Os governadores temem que as alterações
tragam perdas ainda maiores aos seus Estados,
apesar de considerarem necessários a reforma
tributária.
“Os Estados
ficam sempre com um pé atrás, porque nós
temos uma experiência muito ruim em relação
a Lei Kandir”, destacou Lina Vieira, secretária
estadual da Tributação.
Em 1996,
saiu a Lei Kandir onde o governo federal
desonerou a exportação forçando os Estados
a suportarem uma parte dos créditos.
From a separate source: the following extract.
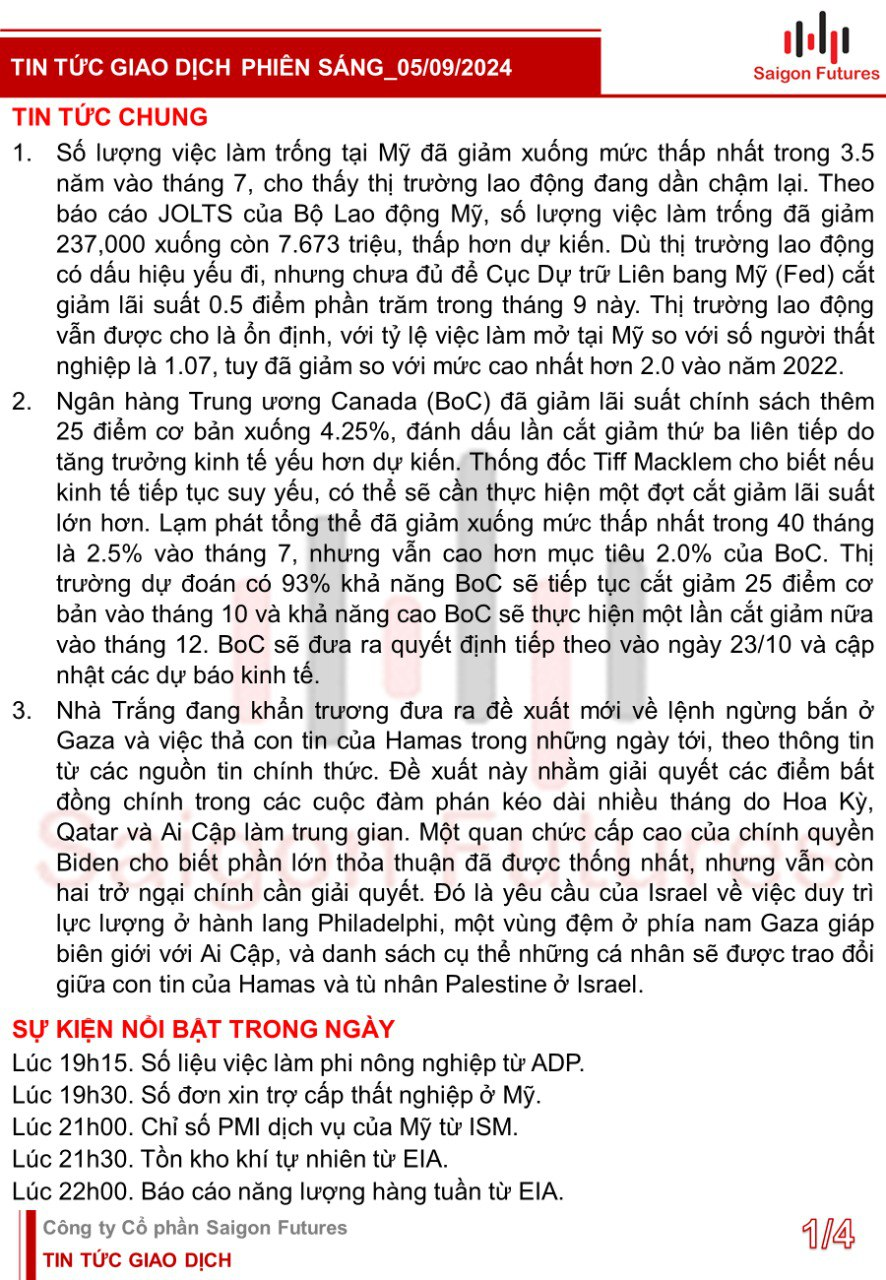 Tin tức Buổi sáng được Saigon Futures tổng hợp gồm:

O Rio
Grande do Norte perde hoje R$ 15 milhões
nas exportações e recebe 800 mil de repasse
do governo federal.
INJUSTIÇA
– “Isso não é justo, então nós temos que
trabalhar no sentido de corrigir todas essas
injustiças para que os Estados realmente
entrem de cabeça nessa reforma tributária
que é esperada”, diz a secretária da Tributação.
Os governadores
argumentam que nos últimos anos para compatibilizar
os níveis de arrecadação foram forçados
a empreender estratégias de eficácia duvidosa,
como a ‘guerra fiscal’ e a cobrança antecipada
de impostos.
Lina Vieira
ressaltou ainda que o presidente está muito
empenhado em que essa reforma saia, mas
que antes de tudo é preciso sentar com todos
os governadores para discutir as perdas
que os Estados terão e como o governo federal
vai cobrir essas perdas.
O documento
contendo todas as propostas formuladas pelos
governadores nordestinos será apresentado
ao presidente Luiz Inácio Lula da Silva
no próximo dia 16, em Brasília, quando se
encontrará com os 27 governadores dos Estados
e do Distrito Federal.
Estados
querem reforma com maior participação
Os nove
governadores nordestinos defendem na “Carta
de Natal” uma reforma tributária ampla,
que inclua todos os impostos e taxações,
na esfera federal, estadual e municipal.
No documento
eles sugerem a manutenção dos critérios
de distribuição do FPE e FPM e o estabelecimento
dos Fundos Constitucionais com base na totalidade
das receitas de Impostos e Contribuições
Federais.
PARTICIPAÇÃO
– Pedem a taxação sobre heranças e grandes
fortunas, desoneração dos artigos da cesta
básica e participação dos estados no bolo
da Receita Federal, sobretudo em cima de
impostos e taxações aos quais os estados
não têm acesso, como CPMF, Cofins e PIS.
Os governadores
esperam que o presidente Lula acate a proposta
de adotar o princípio de destino, atribuindo
a receita ao Estado onde ocorrer o consumo
dos bens e serviços.
A intenção
do presidente Lula é encaminhar o texto
final da reforma tributária ao Congresso
Nacional no mesmo dia 16, após colher sugestões
dos 27 governadores dos Estados brasileiros.